I’ve also lost a lot of weight, or at least I think I have, though one of my neighbours tells me that she can’t see the difference. 16lbs loss and she can’t see the difference!?!? I guess it just indicates how much more I need to lose to get back to a reasonable weight, which, in fairness, is something I’ve been aware of for a good while now. Anyway what that weight loss means is that my body is changing shape, sometimes on a daily basis it seems, and this means that, when I do something simple such as rub my hands across my stomach in the shower, the body they feel doesn’t really match with the memory imprint, well I suppose it might if the memory imprint was to be searched back ten or fifteen years. I mean, there’s no hair, I now have ribs, and, there’s even beginning to be a suggestion of abs! Not all the weight loss is down to fat loss, no, some of it is down to lost muscle mass. Now I’ve never been hugely muscled but I’ve led a fairly active life with walking, kayaking, mountain-biking and hurling my grandkids around in ways which make them squeal with delight, so I’ve had a good muscle mass, but now it’s very much reduced. I rub a hand along my shoulders and there feels to be nothing there but skin and bone. I look at my forearms and can see that they just aren’t as thick as they used to be. My thighs are changing shape as well.

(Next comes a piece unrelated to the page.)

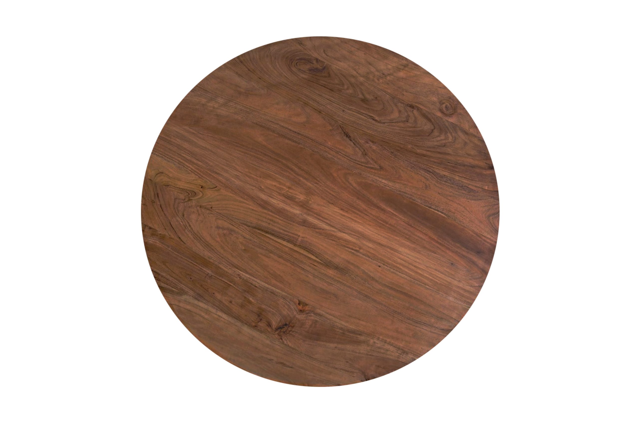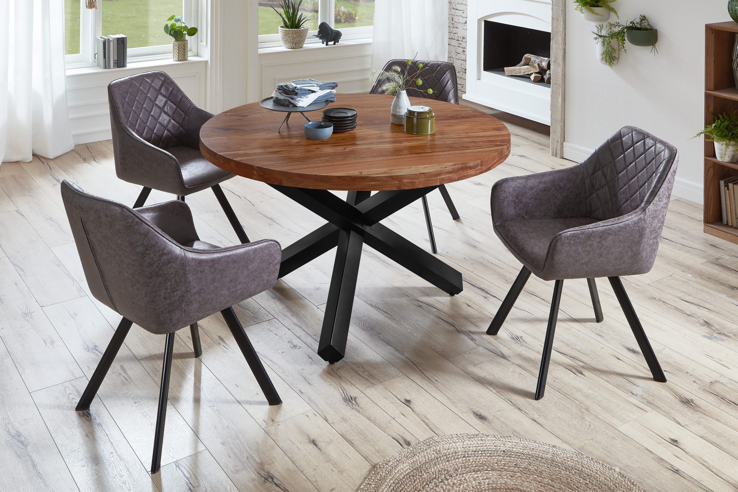 Der runde Esszimmertisch Runa vereint natürliche Materialien mit moderner Eleganz. Seine 50 mm starke Tischplatte aus massivem Akazienholz überzeugt nicht nur optisch durch ihre kräftige Erscheinung, sondern auch durch ihre enorme Stabilität. Jede Platte ist ein Unikat, das durch die individuelle Maserung einzigartig wirkt.

So maybe now you understand why I can say “I’m not really feeling myself”.
One thing I have been meaning to mention on here for a while now is Cancerville. Cancerville is really William (Bill) Penzer Ph. D. a psychologist whose daughter has had cancer. Bill first came to my attention a few months ago when my wife returned from a find-out-more-about-cancer event saying she’d met someone who would like to talk with my about my experiences as someone with cancer for a book he is writing, and that he’d given her a copy of his previous book “How to Cope Better When Someone You Love Has Cancer”. Bill explains about the book and how he came to write it on the Cancerville website, or you can read reviews on Amazon. Now this isn’t a sales pitch, and I have to say that “How to Cope Better When Someone You Love Has Cancer” is not the kind of thing I would have read when my first wife was diagnosed with cancer, but it will be very helpful to a lot of people and if some of your family are struggling then it may be worth pointing them towards a copy either in a local book shop or at the library. I mention this because, after several conversations and emails, I’ve come to the conclusion that Bill is a very genuine guy who will respond to your emails to him. More importantly Bill, as he admits in his book, was surprised at some of the places he found himself when coping with the news of his daughter’s cancer, so he does speak with humble authority and his thoughts on cess pits and dams are worth looking at.